**About this exercise:** Each line from the one with "Designart 'Abstract Light" through the last line of the material is to be printed exactly; no other line and no picture belongs in the copy.

**Collected material:**
════════════════
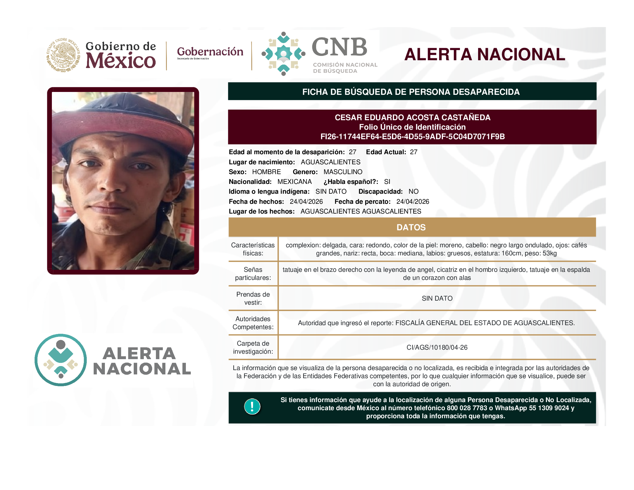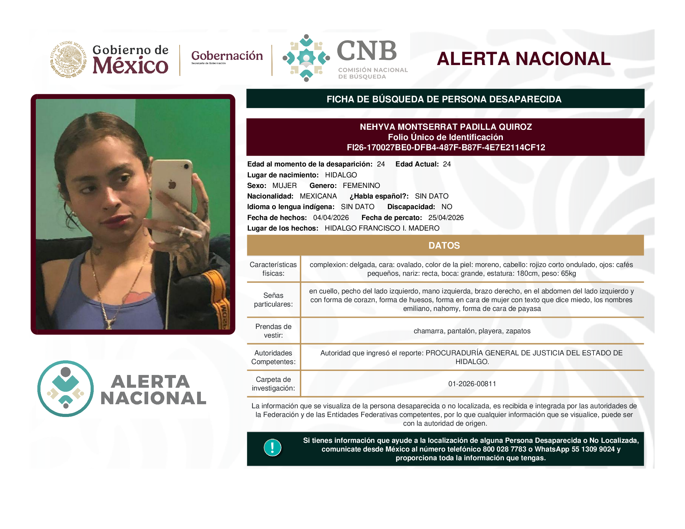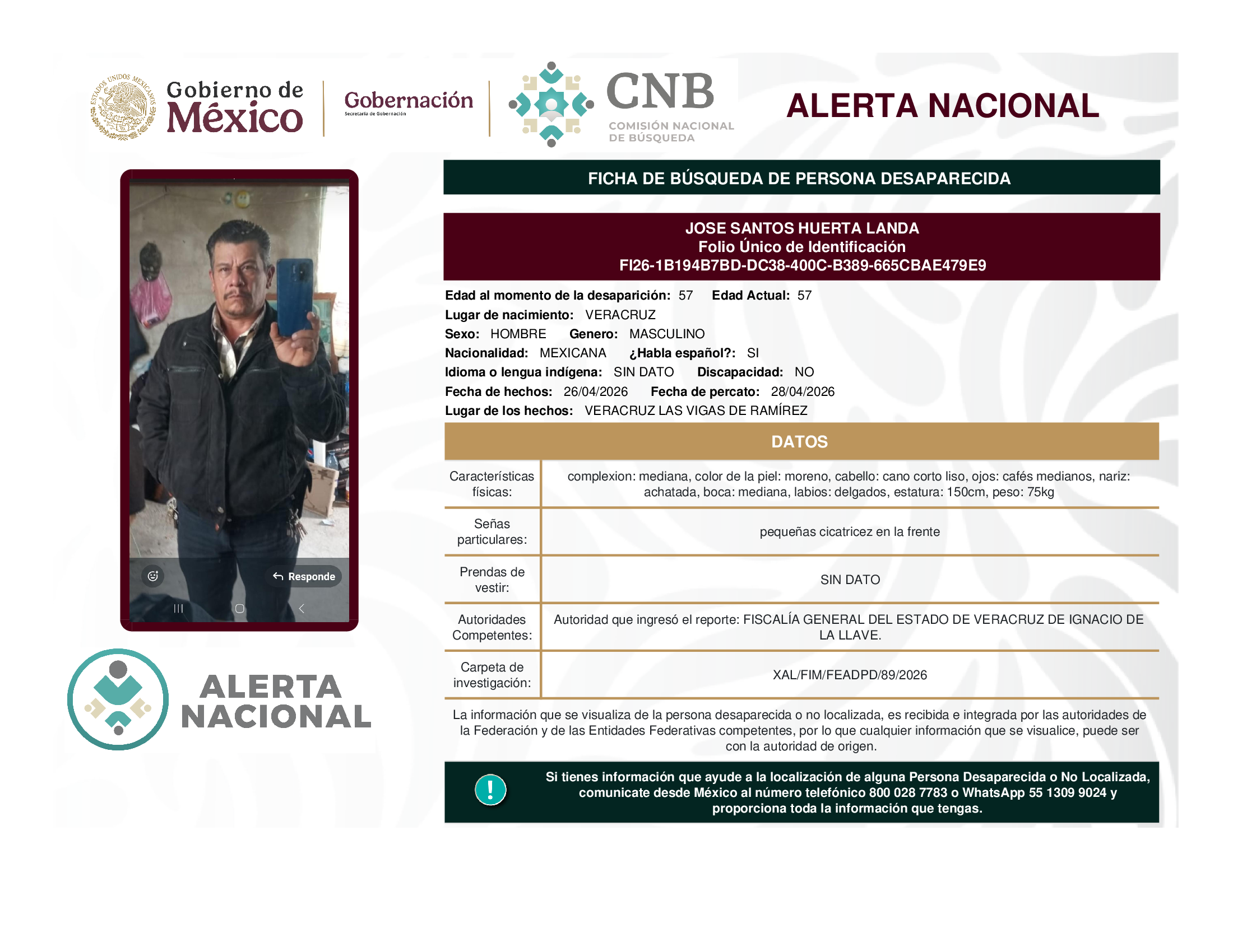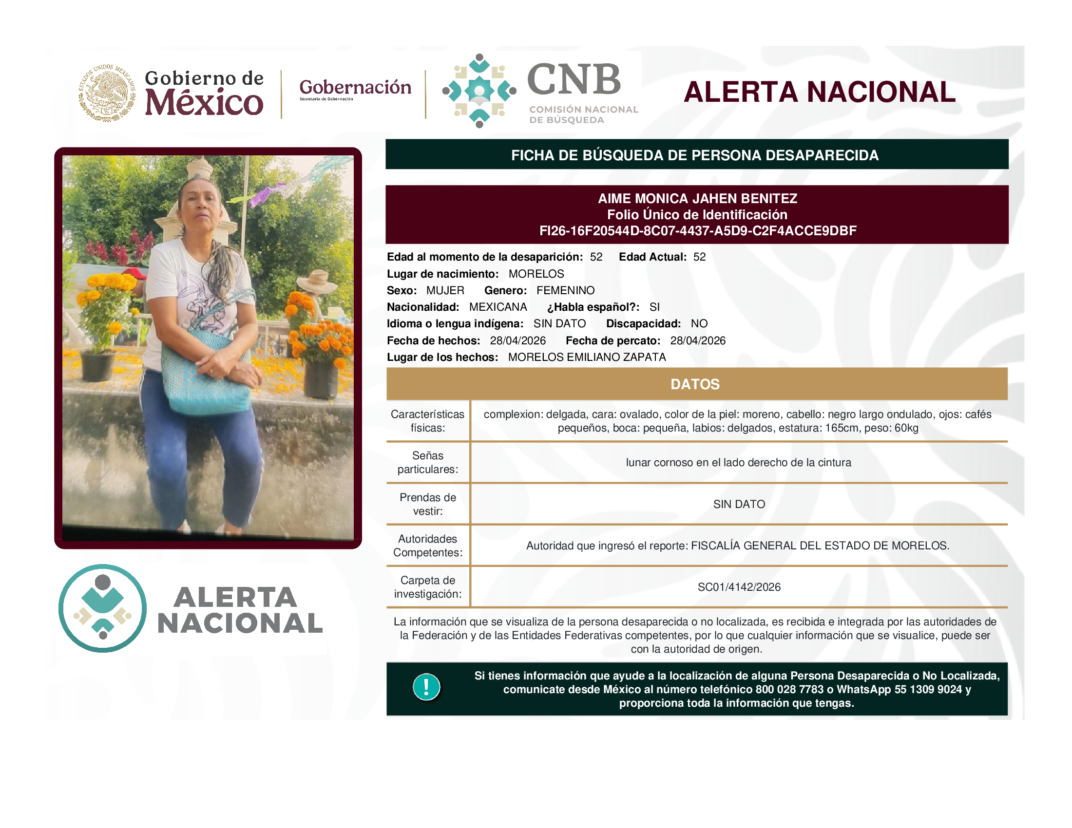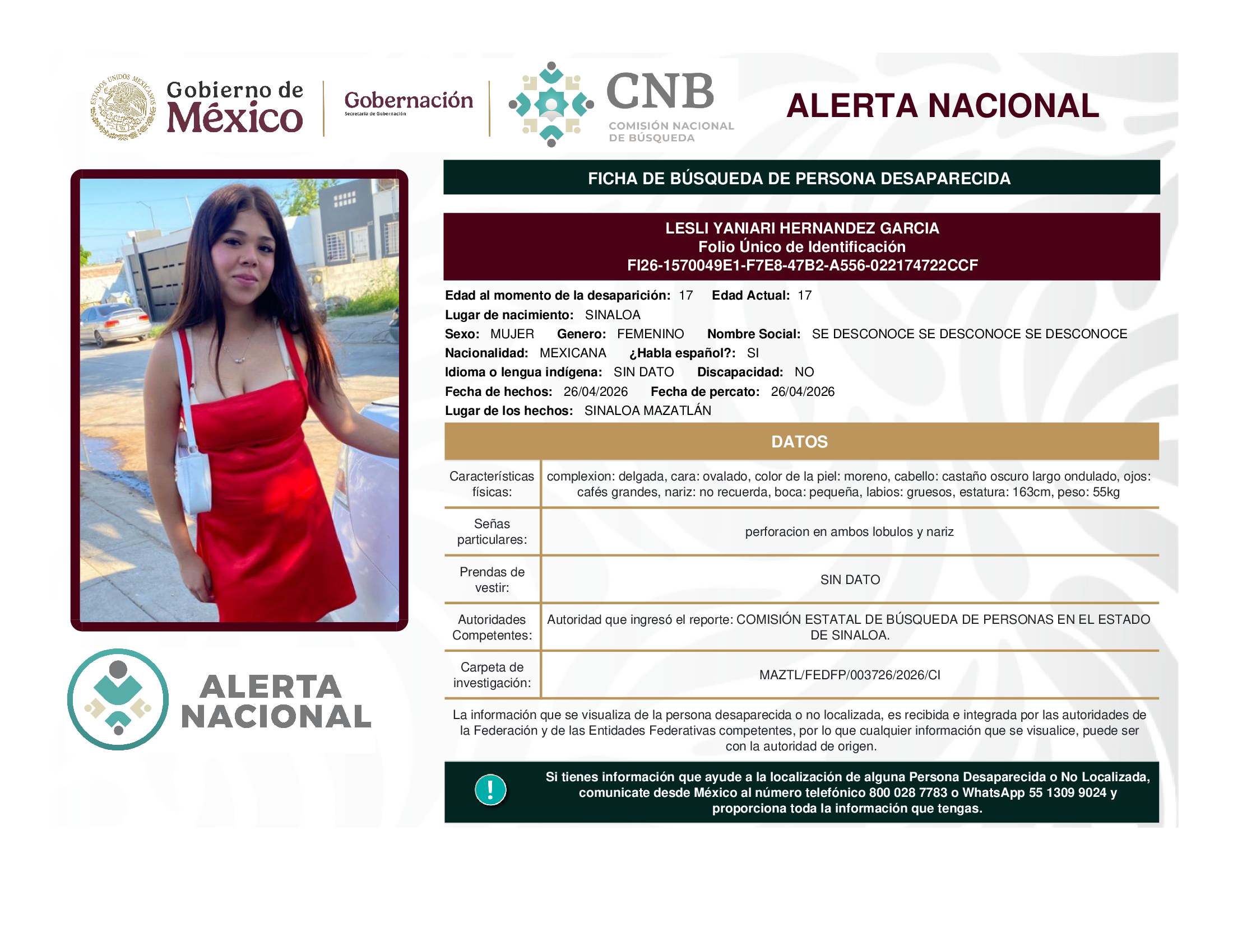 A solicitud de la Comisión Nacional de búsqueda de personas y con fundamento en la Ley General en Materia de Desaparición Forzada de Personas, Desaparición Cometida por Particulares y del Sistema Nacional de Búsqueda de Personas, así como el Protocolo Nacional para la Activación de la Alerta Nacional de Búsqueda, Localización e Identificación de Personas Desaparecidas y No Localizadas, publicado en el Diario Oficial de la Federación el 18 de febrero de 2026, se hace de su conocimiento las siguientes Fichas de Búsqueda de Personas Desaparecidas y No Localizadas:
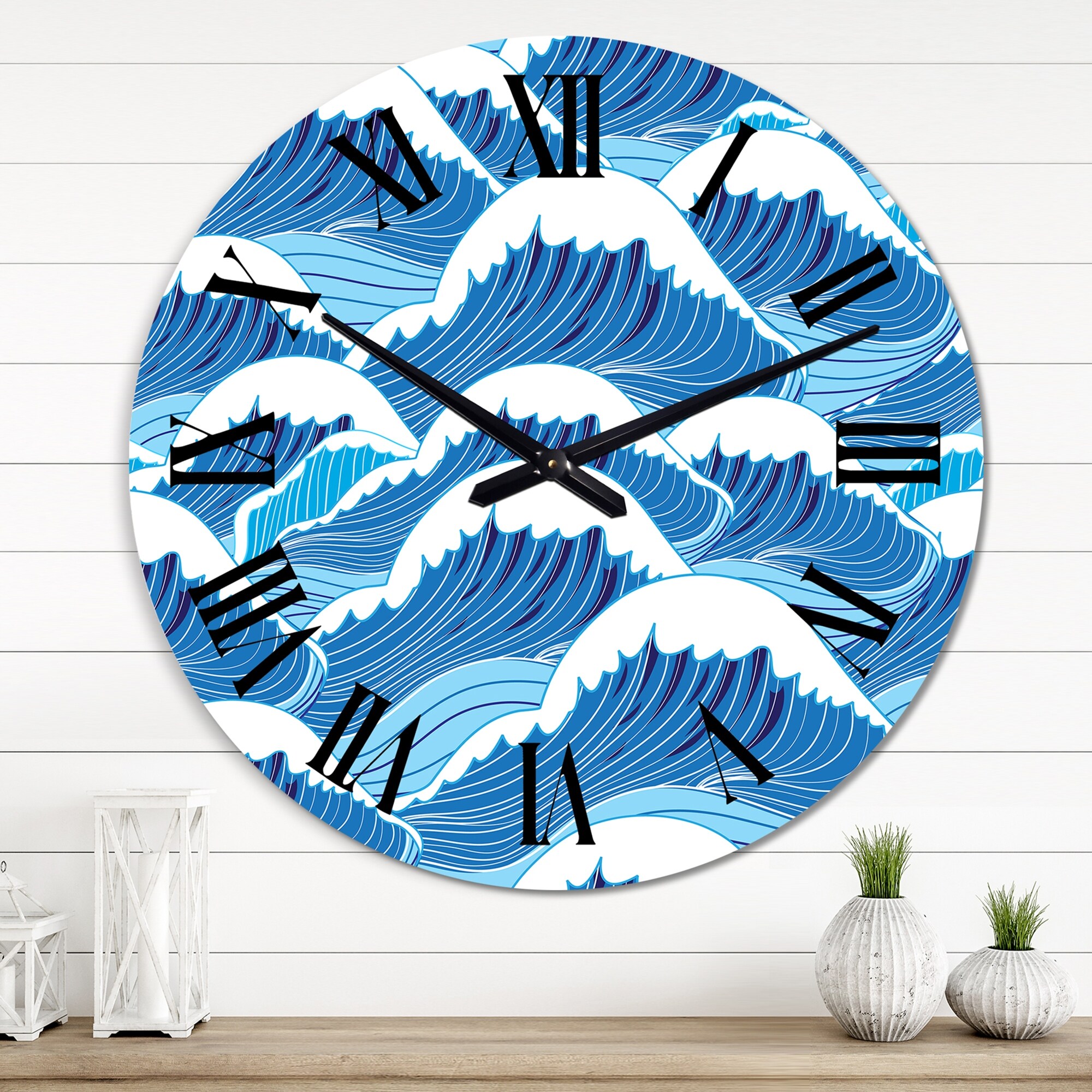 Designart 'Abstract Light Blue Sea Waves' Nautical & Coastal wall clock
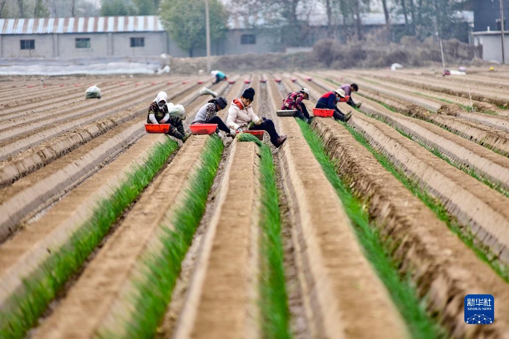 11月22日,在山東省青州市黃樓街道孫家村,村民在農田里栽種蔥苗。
════════════════
**Solved exercise:**
 Designart 'Abstract Light Blue Sea Waves' Nautical & Coastal wall clock
 11月22日,在山東省青州市黃樓街道孫家村,村民在農田里栽種蔥苗。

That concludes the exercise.